C’est le cas du Canadien Ryder Hesjedal. Le vainqueur du dernier Tour d’Italie pointe désormais à… 13’38 du maillot jaune. Fatal. Mal en point avant la Grande Boucle en raison d’une épaule douloureuse, Fränk Schleck occupe quant à lui la 37e place du général à 2’43 du « Spartacus » suisse. Edvald Boasson Hagen, Alejandro Valverde, Jean-Christophe Péraud ou encore Michele Scarponi ont eux aussi perdu de précieuses minutes.

Bernaudeau : « Laissons faire les coureurs avec leur instinct de survie »

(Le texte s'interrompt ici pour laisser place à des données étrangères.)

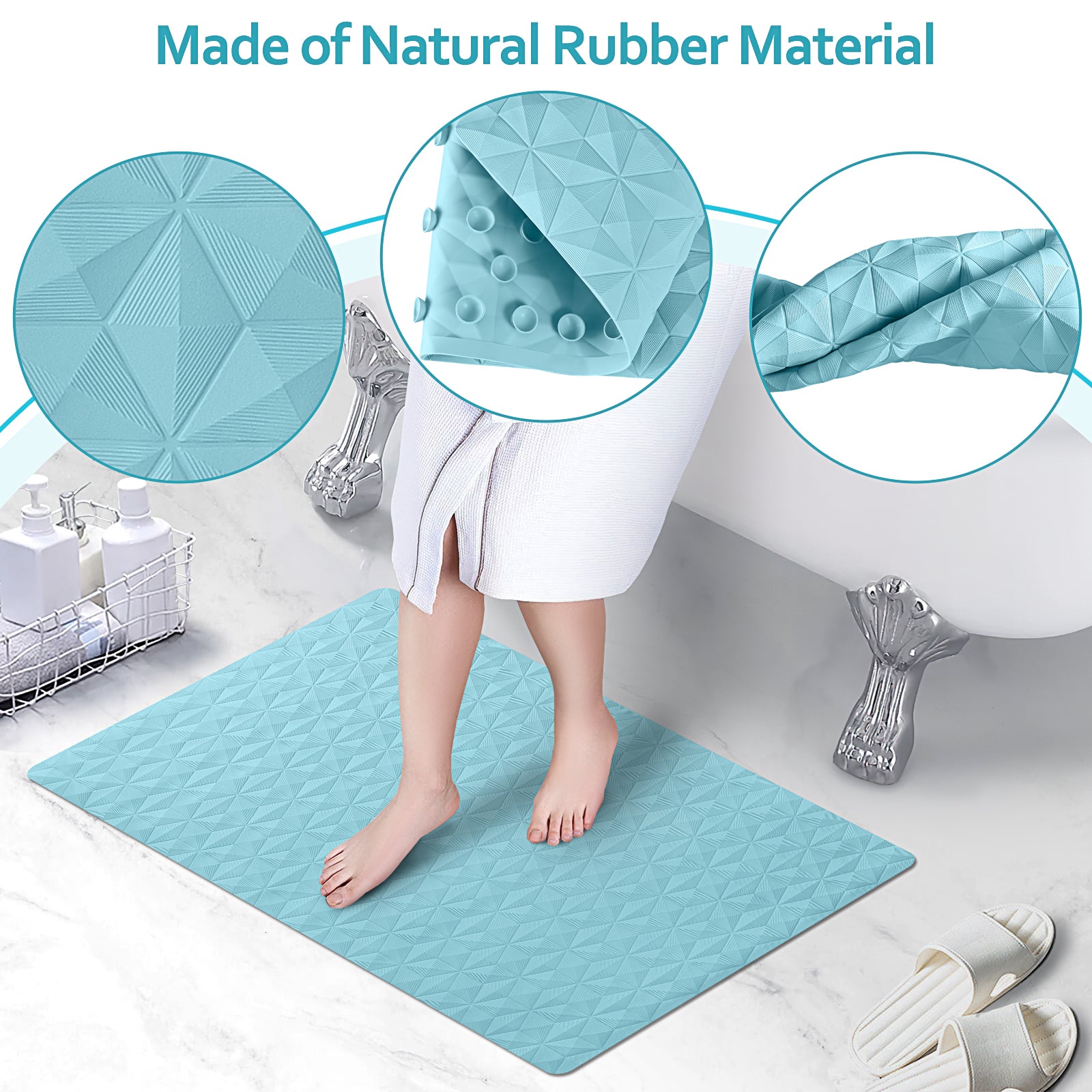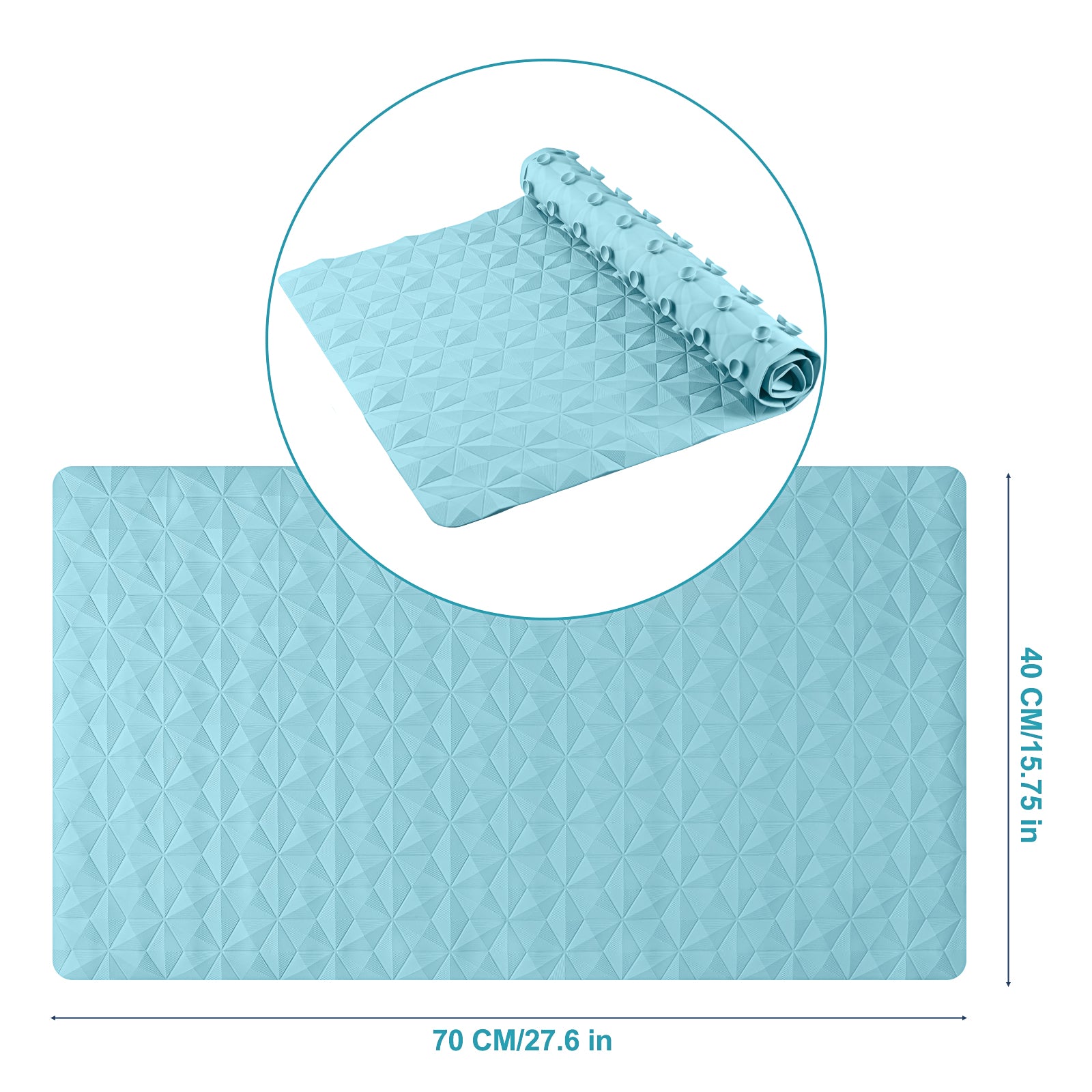 Bathtub Mat Non Slip - Natural Rubber Bath Tub Shower Safety Mat - 16 x 28 Inch Shower Mats with Suction Cups - Delicate Diamond Pattern - Softer - BPA Free - Machine Washable - Elegant Blue

Autre victime de cette chute, Thomas Voeckler, 115e du général à 14’17 et dépité à l’arrivée, n’a pas hésité à critiquer les oreillettes. « Quarante-quatre directeurs sportifs mettent la pression aux coureurs pour qu’ils soient présents à un endroit précis. Mais il n’y a pas de place pour tout le monde, souffle le coureur d’Europcar. Sans oreillettes, ce serait moins nerveux. C’est mon avis, je l’assume. »
Cela tombe bien, Jean-René Bernaudeau, son directeur sportif, va dans le même sens : « Il faut arrêter de dire aux coureurs de remonter. Il n’y a pas de place pour tout le monde. Cette chute est arrivée à 65km/heure. Un tas, des bas-côtés glissants. Une catastrophe. Laissons faire les coureurs avec leur instinct de survie. Ça devient très tendu. Nous, on a perdu gros aujourd’hui. C’est une sale journée. » « JRB » a tout résumé.